In the 2004–05 season, however, Powell found himself dropping down the pecking order in the club's first team and having limited game time, only appearing three times in the League Cup. On 20 November 2004, he spent a month on loan to West Ham. His debut came on 24 November 2004 against rivals' Millwall, where he played the whole game, in a 1–0 loss. In a follow-up match against Watford, Powell scored his only goal for the club, in a 3–2 win. After his spell at West Ham United, Powell returned to his parent club, Crystal Palace.

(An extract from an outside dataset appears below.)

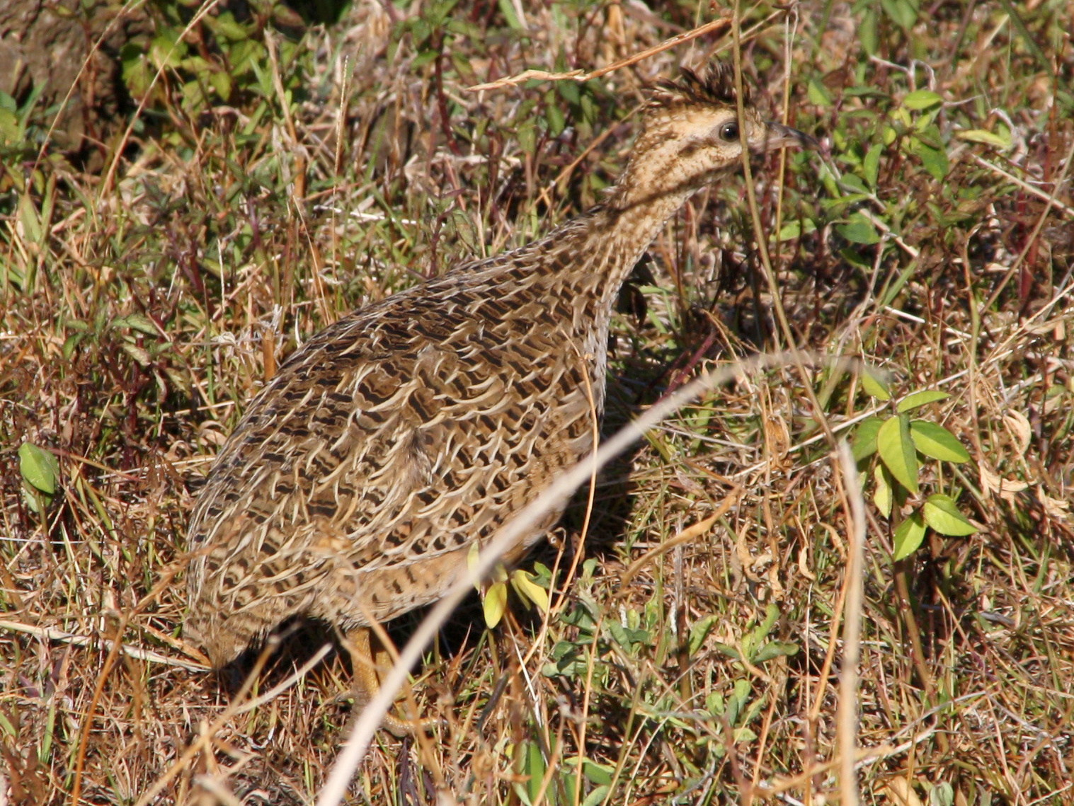 Nothoprocta perdicaria, Chilean Tinamou, Easter Island

Upon returning to Palace, Powell made his first Premier League appearance, where he played the whole game, in a 2–0 win over Aston Villa on 3 January 2005. In a follow-up match against Manchester City on 15 January 2005, he scored his first Premier League goal, in a 3–1 loss. However, injuries plagued him once again, as the club were relegated to the Championship at the end of the season. At the end of the 2004–05 season, Powell had made 10 appearances, scoring once in all competitions, but was subsequently released by the club.

===Southampton===
In July 2005, he was out of contract and signed for Harry Redknapp at Southampton on a Bosman free transfer.

Powell made his Southampton debut, where he played the whole game in a centre–back partnership with Tomasz Hajto, in a 0–0 draw against Wolverhampton Wanderers. He then helped the Saints keep three clean sheets during August against Sheffield Wednesday, Norwich City and Crewe Alexandra. On joining the club, he quickly became a first team regular. Powell's first goal for Southampton was against Ipswich Town on 13 September 2005. He started in every match until he was hit with a three match suspension following his foul on Reading's Kevin Doyle. On 22 November 2005, he returned to the starting line-up after a month away, in a 1–1 draw against Hull City. However, Powell soon lost his first team place following the appointment of George Burley, as well as, his own injury concerns. At the end of the 2005–06 season, Powell had made 26 appearances, scoring once in all competitions.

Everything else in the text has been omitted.